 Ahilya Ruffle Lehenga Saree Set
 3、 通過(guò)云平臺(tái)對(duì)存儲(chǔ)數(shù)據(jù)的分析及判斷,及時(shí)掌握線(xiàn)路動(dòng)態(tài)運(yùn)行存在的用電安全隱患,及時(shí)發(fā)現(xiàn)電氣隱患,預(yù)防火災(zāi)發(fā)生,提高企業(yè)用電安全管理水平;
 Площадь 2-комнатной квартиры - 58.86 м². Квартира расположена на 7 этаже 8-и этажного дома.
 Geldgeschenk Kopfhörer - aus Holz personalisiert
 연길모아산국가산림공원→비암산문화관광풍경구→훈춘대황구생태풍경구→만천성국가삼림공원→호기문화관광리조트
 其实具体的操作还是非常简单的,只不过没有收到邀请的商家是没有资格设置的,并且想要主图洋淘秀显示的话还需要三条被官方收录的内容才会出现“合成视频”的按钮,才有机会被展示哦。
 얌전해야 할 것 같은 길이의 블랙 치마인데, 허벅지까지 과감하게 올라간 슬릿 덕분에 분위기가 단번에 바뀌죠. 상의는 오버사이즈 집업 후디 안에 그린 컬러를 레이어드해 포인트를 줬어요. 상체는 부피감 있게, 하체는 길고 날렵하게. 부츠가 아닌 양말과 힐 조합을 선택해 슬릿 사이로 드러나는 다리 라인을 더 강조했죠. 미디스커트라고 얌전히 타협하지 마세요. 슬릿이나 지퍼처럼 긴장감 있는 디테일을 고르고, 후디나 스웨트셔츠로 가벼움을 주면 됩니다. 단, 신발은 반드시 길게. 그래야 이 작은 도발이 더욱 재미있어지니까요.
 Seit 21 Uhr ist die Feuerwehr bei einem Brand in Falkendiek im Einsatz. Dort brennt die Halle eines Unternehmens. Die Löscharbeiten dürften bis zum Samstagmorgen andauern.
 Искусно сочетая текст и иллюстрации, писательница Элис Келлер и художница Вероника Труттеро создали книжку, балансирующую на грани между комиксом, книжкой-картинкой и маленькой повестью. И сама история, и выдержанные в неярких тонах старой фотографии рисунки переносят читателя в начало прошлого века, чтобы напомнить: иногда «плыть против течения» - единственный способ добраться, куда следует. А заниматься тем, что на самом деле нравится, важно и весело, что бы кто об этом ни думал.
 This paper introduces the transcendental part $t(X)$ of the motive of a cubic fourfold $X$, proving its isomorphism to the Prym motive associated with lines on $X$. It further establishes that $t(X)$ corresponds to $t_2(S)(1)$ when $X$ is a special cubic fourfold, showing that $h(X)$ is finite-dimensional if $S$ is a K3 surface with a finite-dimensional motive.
⁂
AIM OF THE EXERCISE
Beginning at the line with "연길모아산국가산림공원→비암" and ending at the line with "Seit 21 Uhr", reproduce each line of the data above exactly, and add no other lines.

SOLUTION BELOW
 연길모아산국가산림공원→비암산문화관광풍경구→훈춘대황구생태풍경구→만천성국가삼림공원→호기문화관광리조트
 其实具体的操作还是非常简单的,只不过没有收到邀请的商家是没有资格设置的,并且想要主图洋淘秀显示的话还需要三条被官方收录的内容才会出现“合成视频”的按钮,才有机会被展示哦。
 얌전해야 할 것 같은 길이의 블랙 치마인데, 허벅지까지 과감하게 올라간 슬릿 덕분에 분위기가 단번에 바뀌죠. 상의는 오버사이즈 집업 후디 안에 그린 컬러를 레이어드해 포인트를 줬어요. 상체는 부피감 있게, 하체는 길고 날렵하게. 부츠가 아닌 양말과 힐 조합을 선택해 슬릿 사이로 드러나는 다리 라인을 더 강조했죠. 미디스커트라고 얌전히 타협하지 마세요. 슬릿이나 지퍼처럼 긴장감 있는 디테일을 고르고, 후디나 스웨트셔츠로 가벼움을 주면 됩니다. 단, 신발은 반드시 길게. 그래야 이 작은 도발이 더욱 재미있어지니까요.
 Seit 21 Uhr ist die Feuerwehr bei einem Brand in Falkendiek im Einsatz. Dort brennt die Halle eines Unternehmens. Die Löscharbeiten dürften bis zum Samstagmorgen andauern.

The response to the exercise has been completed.